O Verão apresenta aquelas possibilidades de notícias tontas, antigamente
apelidadas de notícias da silly season. Era um tempo em que não havia nada que
fazer no Verão noticioso porque o mundo ia de férias e era uma época de turismo
e de lazer, longe do rodopio político e económico costumeiro. Hoje em dia, com
a loucura total e o bafiento mundo encarcerante covidiano que nos envolve, o
Verão é quase mais do mesmo e pouco tem de libertador, de novo ou até de silly
porque todo o ano é silly, ou seja, tonto e até quase surreal.
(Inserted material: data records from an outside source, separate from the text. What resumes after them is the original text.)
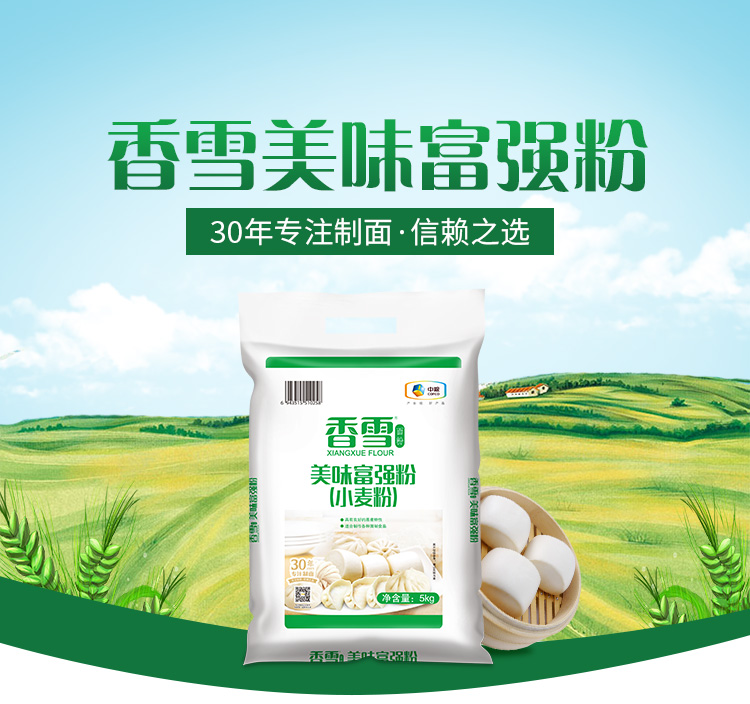 - 商品名称:香雪 面粉 美味富强粉 小麦粉 中筋面粉 适合馒头 包子 烙饼等各类面食更适合蒸制类 中粮出品 5kg
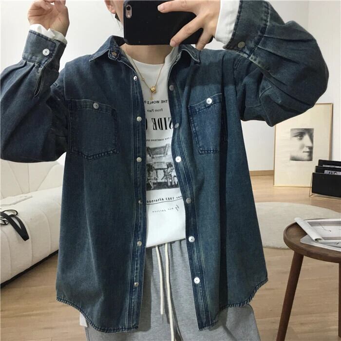 [EWQ] デニムシャツ レディース 長袖 シングルブレスト ゆったり 秋冬 トップス 16U5444 ロング オータム 秋物 ウィンター 冬物
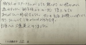 K様。この度は民宿美味し宿かどやへの2度目のご来館、誠にありがとうございました。皆様、ご満足していただけましたでしょうか。大雪が懸念される3連休でしたが、かにバス香住ライナーのおかげで、快適にお越しいただけたことと思います。来シーズン以降もぜひ、また皆様でカニ旅行ツアーを企画して下さいね。
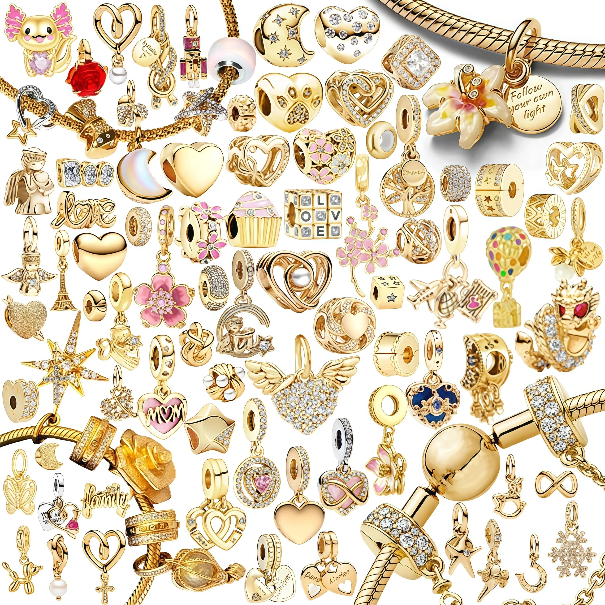 New DIY Gold Sparkling Flower Heart Series Dangle Charm Bead Pendant Safety Chain Fit Original 925 Sterling Silver Jewelry Gift
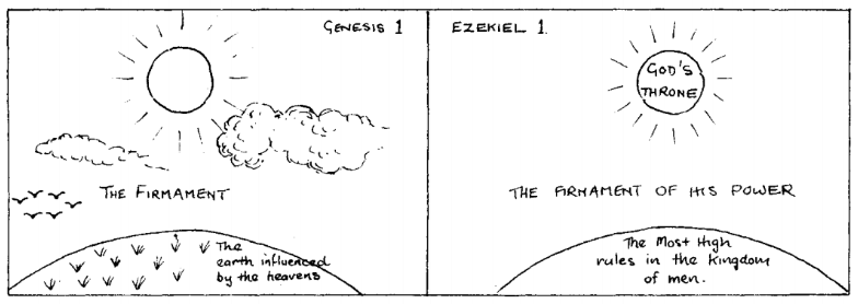 Having described to us the approach of the storm cloud from the north, and then the cherubic chariot with its living creatures and its wheels, Ezekiel now directs our attention to the most awe-inspiring part of the vision – “The appearance of the likeness of the glory of Yahweh”, which, when Ezekiel saw, he fell upon his face. But first he directs our attention to what he describes as being the “likeness of a firmament” (v.22).
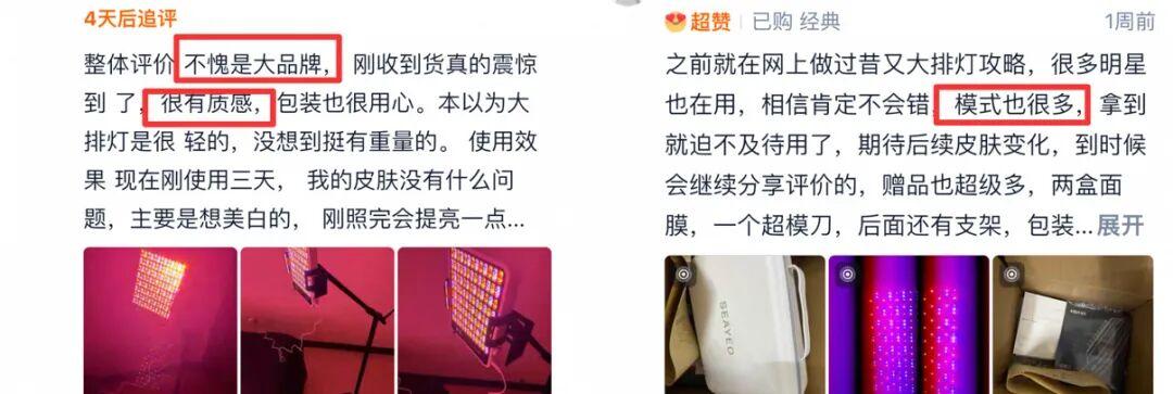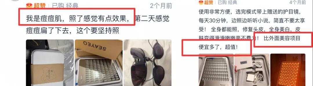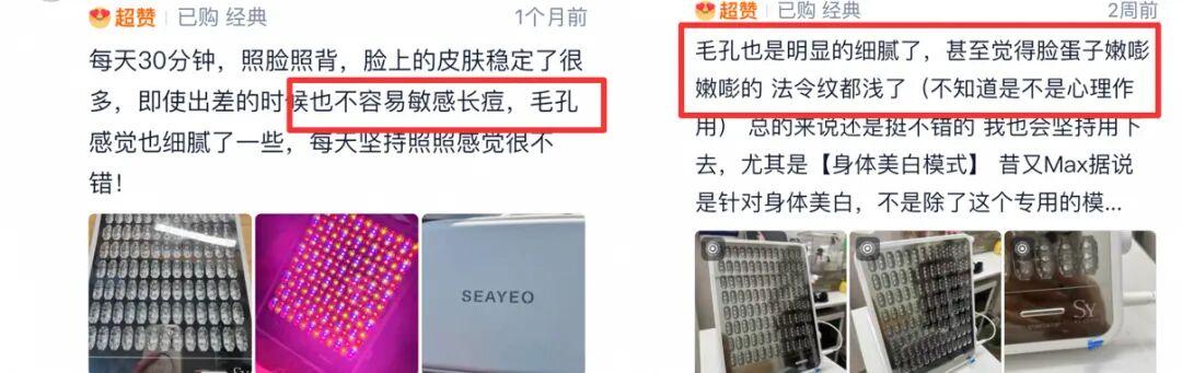 這也是爲啥有的光照了會反黑,甚至出現光老化……這裏涉及的,可不僅是對燈珠的原料製造工藝,還包括對人體皮膚知識的深度研究以及對光程序的精密控制……

Se 2020 fosse um
quadro era Dalí ou Picasso: interessante em termos de observação, mas nenhum
ser humano consegue viver muito tempo naquela paisagem sem que a sua saúde
mental não sofra um bocado. Há quem diga que este cenário do Covid-19 veio para
nos libertar (de quê? eis o debate) mas, novamente pensando em termos
artísticos, a seguir ao Surrealismo veio o Expressionismo Abstracto e até tremo
ao ver os quadros absurdos (embora seguramente cheios de liberdade, tanta que
nada se percebia) que esse movimento gerou. À conta disso, hoje pagamos para
entrar num museu e ver uma maçã meia mordida porque também isso é expressão e
toda a expressão é arte. Enfim…
O Verão é também tempo de cirurgias plásticas, para algumas classes
endinheiradas, que desejam modificar o corpinho que anda mais à mostra. Tenho
as minhas razões pessoais para não apreciar este género de obsessão, que é
demasiado comum no local onde vivo. De facto, modificar a aparência torna-se
passatempo ou até vício de forma quando é fácil. Isto conduz-nos a uma conversa
mais larga sobre identidade e à facilidade com que, hoje em dia, é possível
mudar de pele. Podemos mudar de aparência, de nome, de nacionalidade, de sexo e
de género e (com um pouco mais de trabalho) até podemos mudar de passado.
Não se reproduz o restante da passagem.